[Collection entries]
=== Begin Enclosure ===
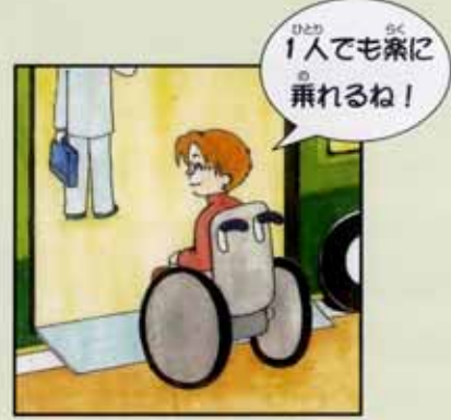
〈バリアフリー化後〉
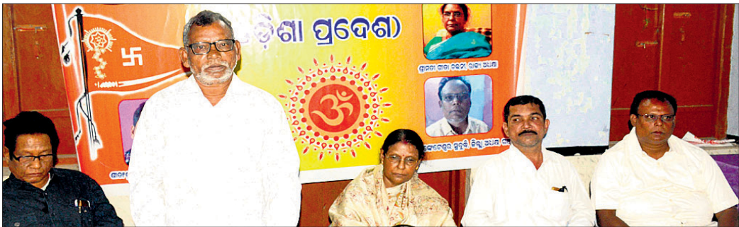
ସଭାରେ ମହାସଭାର ସଂଗଠନ କର୍ମକର୍ମୀମାନେ ।
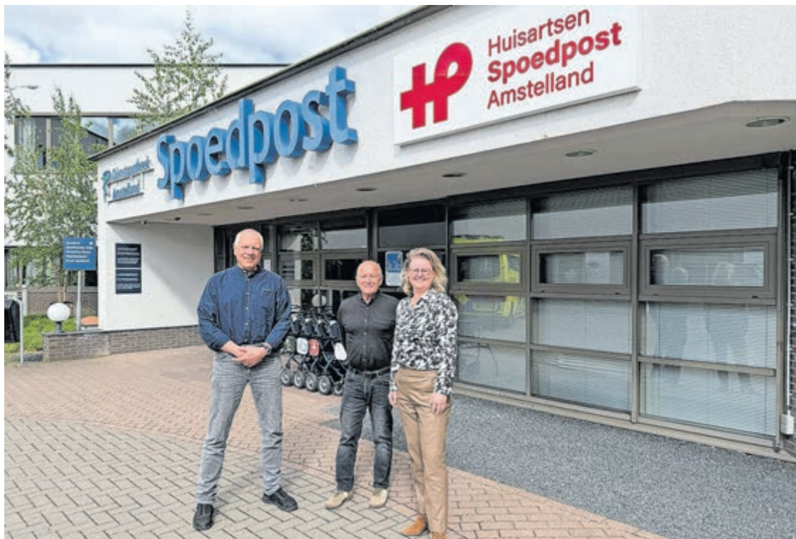
De cliëntenraad van Huisartsenspoedpost Amstelland.

Maar dat neemt niet weg dat de onafhankelijke cliëntenraad ook aandacht vraagt voor kwetsbare groepen zoals ouderen, mensen die moeite hebben met lezen of praten en mensen die beperkt of niet met
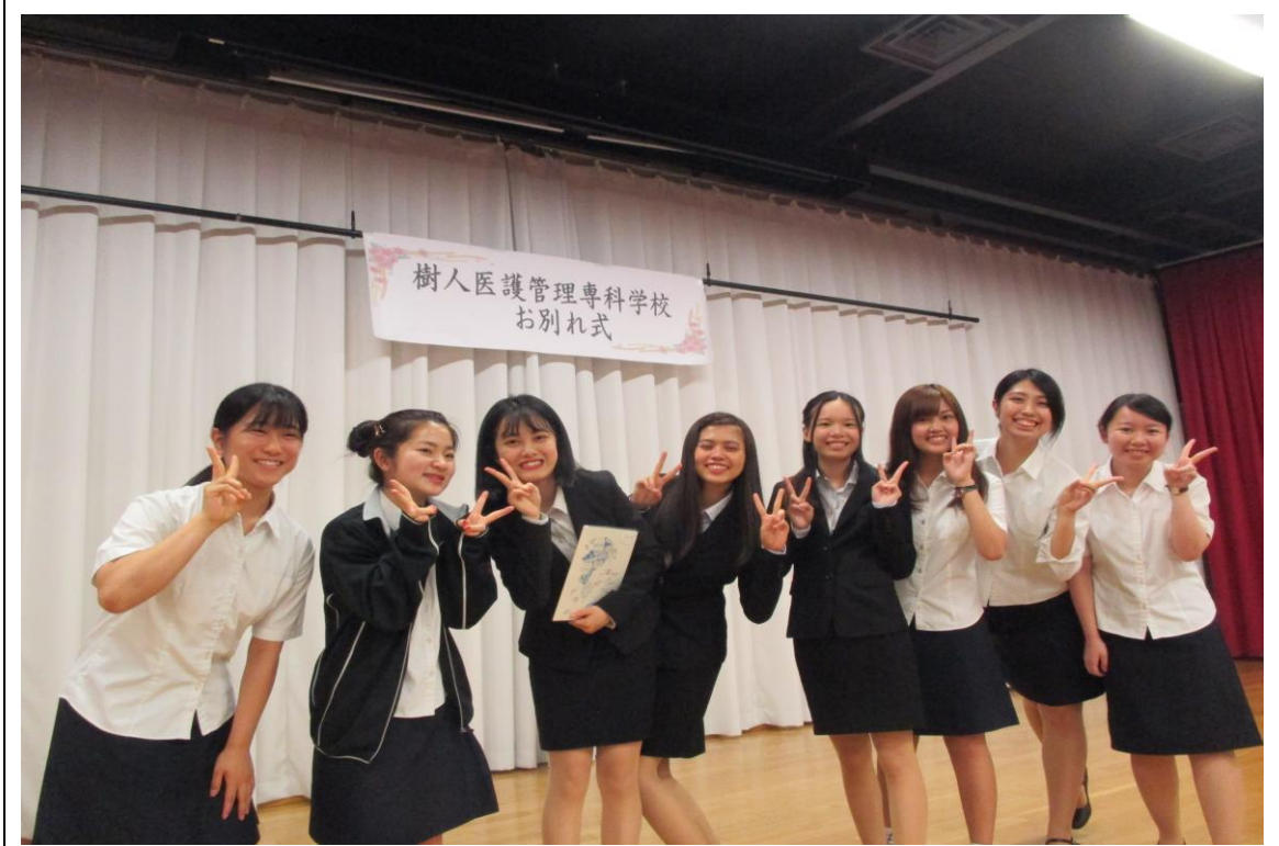
說明:留學生送別會-社團團體照(2018/08/07)
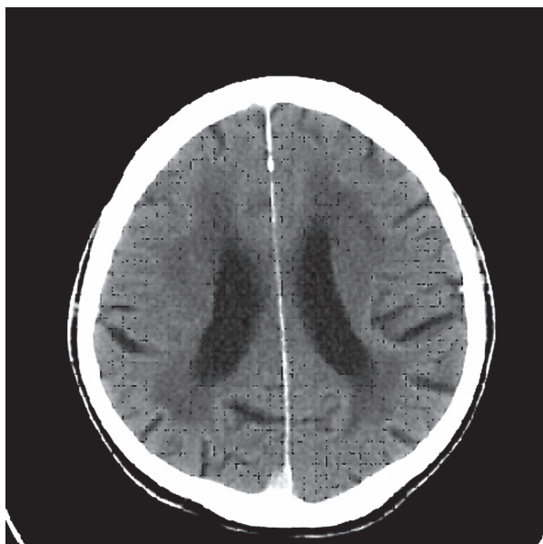
Rycina 1. Obraz tomografii komputerowej: leukoarajozu u pacjenta z zaburzeniami czynności poznawczych
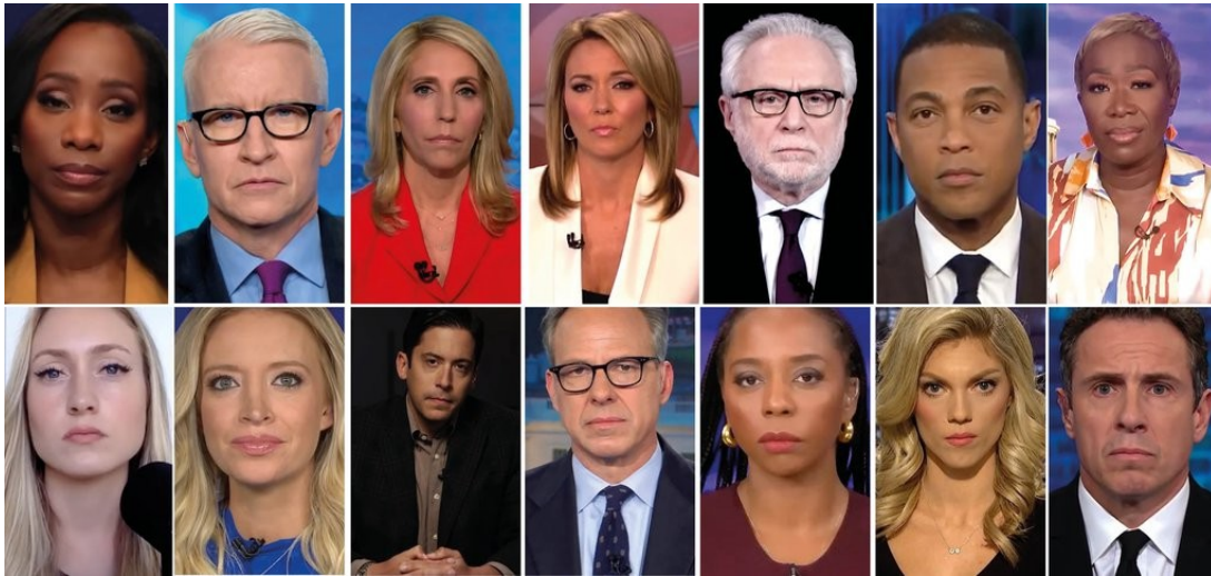
Heiner Franzen ANCHORS 2024 Video installation Loop, variable installation Edition 1/5 plus 1 AP
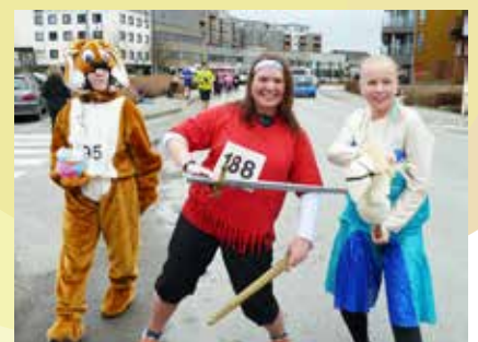
Nokre hadde kledd seg ut for anledninga
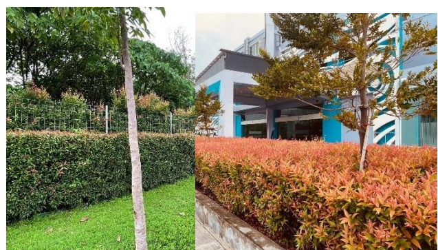
พื้นที่สีเขียว

รูปที่ 1.6-2 ภาพถ่ายสภาพปัจจุบันของพื้นที่โครงการ
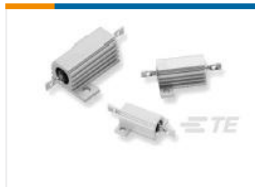
TE 产品编号6-1879071-5 THS50 2K7 5%
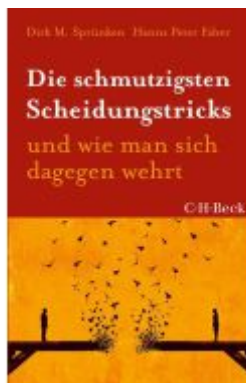
Die schmutzigsten Scheidungstricks Ladenpreis: 12,40EUR
=== End Enclosure ===
▶ **Task description**
Every last line above must be reproduced as written, and no pictures belong in the copy.

▶ **Solution for this exercise**
〈バリアフリー化後〉
ସଭାରେ ମହାସଭାର ସଂଗଠନ କର୍ମକର୍ମୀମାନେ ।
De cliëntenraad van Huisartsenspoedpost Amstelland.

Maar dat neemt niet weg dat de onafhankelijke cliëntenraad ook aandacht vraagt voor kwetsbare groepen zoals ouderen, mensen die moeite hebben met lezen of praten en mensen die beperkt of niet met
說明:留學生送別會-社團團體照(2018/08/07)
Rycina 1. Obraz tomografii komputerowej: leukoarajozu u pacjenta z zaburzeniami czynności poznawczych
Heiner Franzen ANCHORS 2024 Video installation Loop, variable installation Edition 1/5 plus 1 AP
Nokre hadde kledd seg ut for anledninga
พื้นที่สีเขียว

รูปที่ 1.6-2 ภาพถ่ายสภาพปัจจุบันของพื้นที่โครงการ
TE 产品编号6-1879071-5 THS50 2K7 5%
Die schmutzigsten Scheidungstricks Ladenpreis: 12,40EUR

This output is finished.